▸ Prompt
Find the line containing "Ethereum 2.000 doların" in the records below. Copy exactly that line and each one after it, ending at the line containing "інформує ГУ ДСНС.", and nothing more.

▸ Records
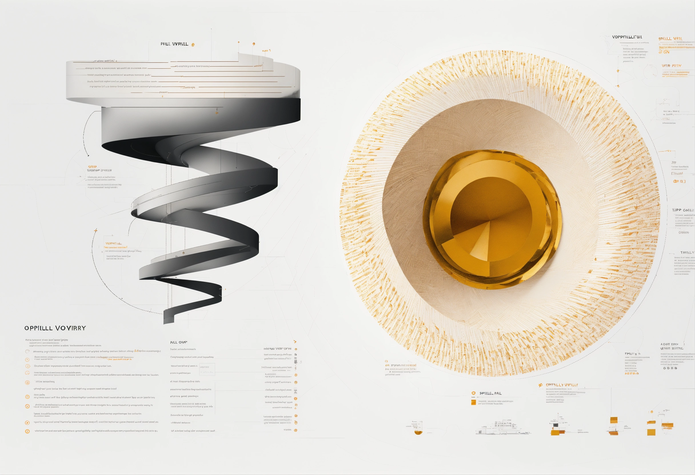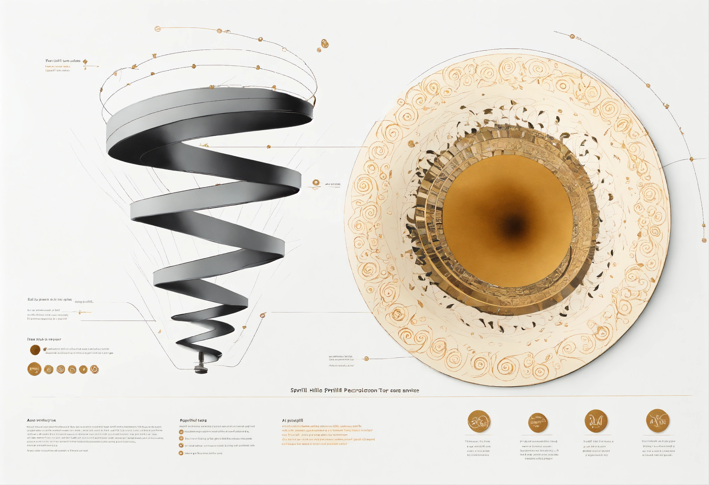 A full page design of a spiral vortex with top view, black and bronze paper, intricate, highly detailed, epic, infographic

...

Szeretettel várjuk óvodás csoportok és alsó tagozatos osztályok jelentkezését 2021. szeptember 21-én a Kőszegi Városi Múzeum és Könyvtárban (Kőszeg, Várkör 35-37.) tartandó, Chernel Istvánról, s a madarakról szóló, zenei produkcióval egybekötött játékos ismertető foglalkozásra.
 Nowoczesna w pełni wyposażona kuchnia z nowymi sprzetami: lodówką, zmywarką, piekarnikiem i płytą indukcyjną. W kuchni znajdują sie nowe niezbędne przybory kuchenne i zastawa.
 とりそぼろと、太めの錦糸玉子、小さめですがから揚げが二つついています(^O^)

==

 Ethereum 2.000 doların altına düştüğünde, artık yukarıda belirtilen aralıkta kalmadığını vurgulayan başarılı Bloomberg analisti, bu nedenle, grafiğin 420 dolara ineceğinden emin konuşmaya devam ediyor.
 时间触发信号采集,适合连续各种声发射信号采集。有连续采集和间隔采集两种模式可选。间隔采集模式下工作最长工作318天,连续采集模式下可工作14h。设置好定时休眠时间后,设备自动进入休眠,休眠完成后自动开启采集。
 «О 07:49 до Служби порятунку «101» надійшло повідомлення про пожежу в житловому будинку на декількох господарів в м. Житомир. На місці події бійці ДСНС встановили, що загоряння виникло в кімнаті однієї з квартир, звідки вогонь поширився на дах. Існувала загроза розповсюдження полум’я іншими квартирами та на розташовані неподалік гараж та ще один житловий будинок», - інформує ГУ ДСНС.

▸ Answer below
 Ethereum 2.000 doların altına düştüğünde, artık yukarıda belirtilen aralıkta kalmadığını vurgulayan başarılı Bloomberg analisti, bu nedenle, grafiğin 420 dolara ineceğinden emin konuşmaya devam ediyor.
 时间触发信号采集,适合连续各种声发射信号采集。有连续采集和间隔采集两种模式可选。间隔采集模式下工作最长工作318天,连续采集模式下可工作14h。设置好定时休眠时间后,设备自动进入休眠,休眠完成后自动开启采集。
 «О 07:49 до Служби порятунку «101» надійшло повідомлення про пожежу в житловому будинку на декількох господарів в м. Житомир. На місці події бійці ДСНС встановили, що загоряння виникло в кімнаті однієї з квартир, звідки вогонь поширився на дах. Існувала загроза розповсюдження полум’я іншими квартирами та на розташовані неподалік гараж та ще один житловий будинок», - інформує ГУ ДСНС.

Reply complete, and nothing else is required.